The answer is not one EC’s want to hear, I’m afraid.

Church is worship. God is all. Saving faith is not our doing, but His. Loving Christ includes loving what He loves. The Bible has the words of life. Christian theology and thought are at the same time so simple that a child can become a Christian and so complex that brilliant scholars cannot get their minds around God and His precepts.

For example, as John Piper says in his biography of Athenasius spoken to pastors at his pastors conference, we must 

“…help people, by the grace of God, to see what is happening to them (the shattering of their categories) as the best news in all the world.

From the very beginning, in the most winsome way possible, we must labor to create categories like this: God rules the world of bliss and suffering and sin, right down to the roll of the dice and the fall of a bird and the driving of the nail into the hand of his Son, yet, though he will that such sin and suffering be, he does not sin, but is perfectly holy. Or a category like this: God governs all the steps of all people, both good and bad, at all times and in all places, yet such that all are accountable before him and will bear the just consequences of his wrath if they do not believe in Christ. Or this category: All are dead in their trespasses and sin and are not morally able to come to Christ because of their rebellion, yet, they are responsible to come and will be justly punished if they don’t. Or: Jesus Christ is one person with two natures, divine and human, such that he upheld the world by the word of his power while living in his mother’s womb.

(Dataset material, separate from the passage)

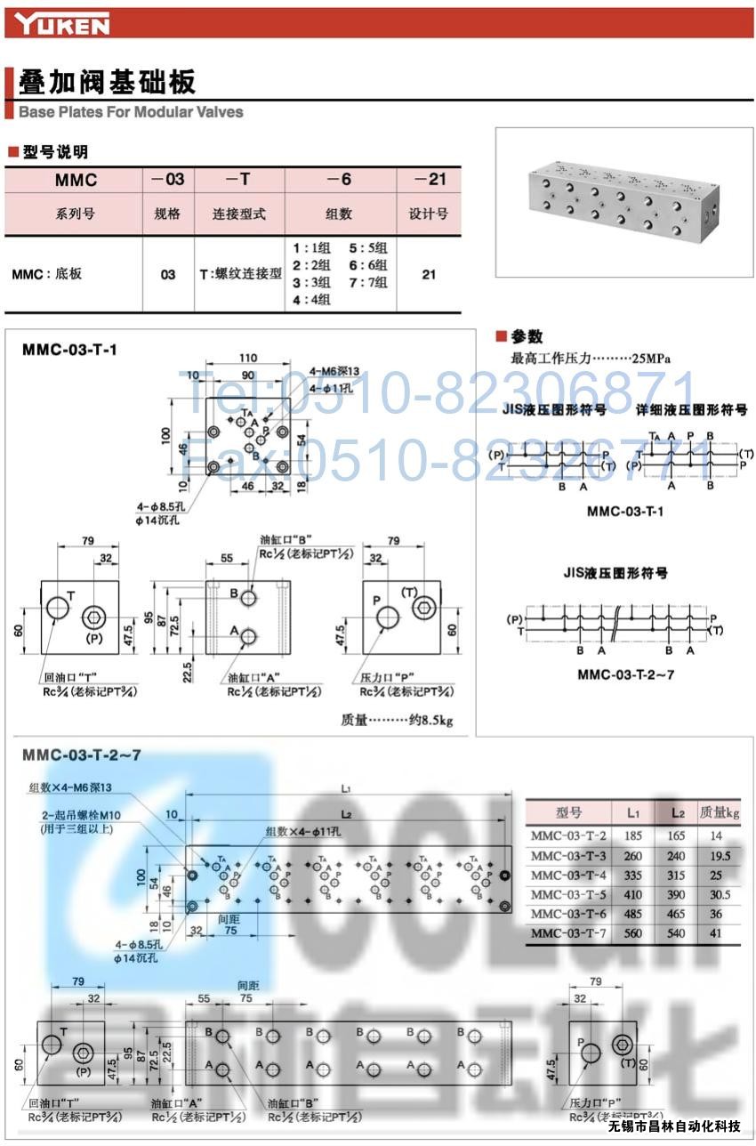 MMC-03-T-3-21,MMC-03-T-4-21,MMC-03-T-5-21,疊加閥基本板,榆次油研,疊加閥基本板,YUKEN,疊加閥基本板
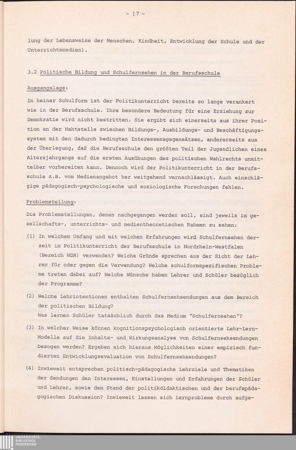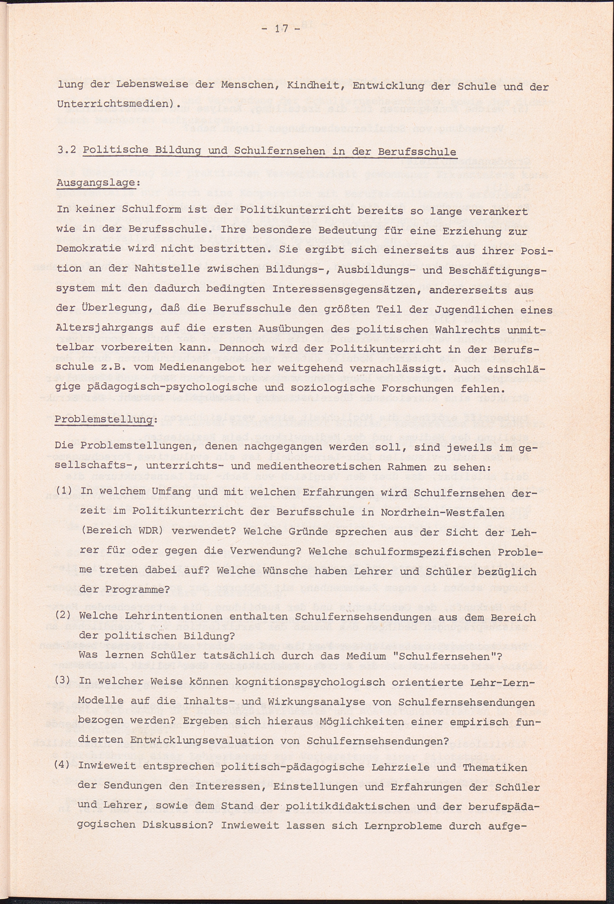 3.2 Politische Bildung und Schulfernsehen in der Berufsschule

Or: sin, though committed by a finite person and in the confines of finite time is nevertheless deserving of an infinitely long punishment because it is a sin against an infinitely worthy God. Or: the death of the one God-Man, Jesus Christ, so displayed and glorified the righteousness of God that God is not unrighteous to declare righteous ungodly people who simply believe in Christ.

These kinds of mind-boggling, category-shattering truths demand our best thought and our most creative labors. We must aim to speak them in a way that, by the power of God’s word and Spirit, a place for them would be created in the minds of those who hear. We must not preach only in the categories that are already present in our listeners’ fallen minds, or we will betray the gospel and conceal the glory of God.


2 Responses to “National Associations of Evangelicals Shame”

  1. MDViews said

    Thanks for commenting.

    I am thankful for ardently pro-life Catholic folks of whom their are many. Birthright is mostly a Catholic organization.

    The people in the Catholic pews, however, are generally Democrats first and Catholics second. They have no moral compunction to vote pro-life.

    And, of course God is love. My point was many evangelicals focus only on “God is love” to the exclusion of a God’s equally important attributes; sovereignty, justice, omnicience and power.

  2. Abigail said

    Great job pointing out the moral slide of the NAE. I’m surprised at the number of people who say they are passionately pro-life, but don’t believe that it’s a battle that should be fought politically. They think that if you let it into the political realm you’ll become the most reviled, “one-issue” voter. How uncool.

    Here are my two critiques: 1) by saying, “God is now love” you rightly point out that some wrongly cling to, “God is love” with an understanding of love that is strictly informed by our culture, not real love (the kind of love that would kill His son on the cross). But, nevertheless, “God is love.” So we have to be careful not to make it sound trite, but to give the correct definition of what it means. I am certain that you didn’t mean it as trite, but were pointing out how others have made it trite. But other readers who don’t know you, might read it differently. And 2) you say, “The catholics are even worse.” As a general statement this is true. But (in my opinion) you should make an exception clause, to give credit to those catholics who are fighting hard for life. When I worked at MCCL, probably 75% of the people there were Catholic and they worked tirelessly for life.

    There’s my two cents. Great post.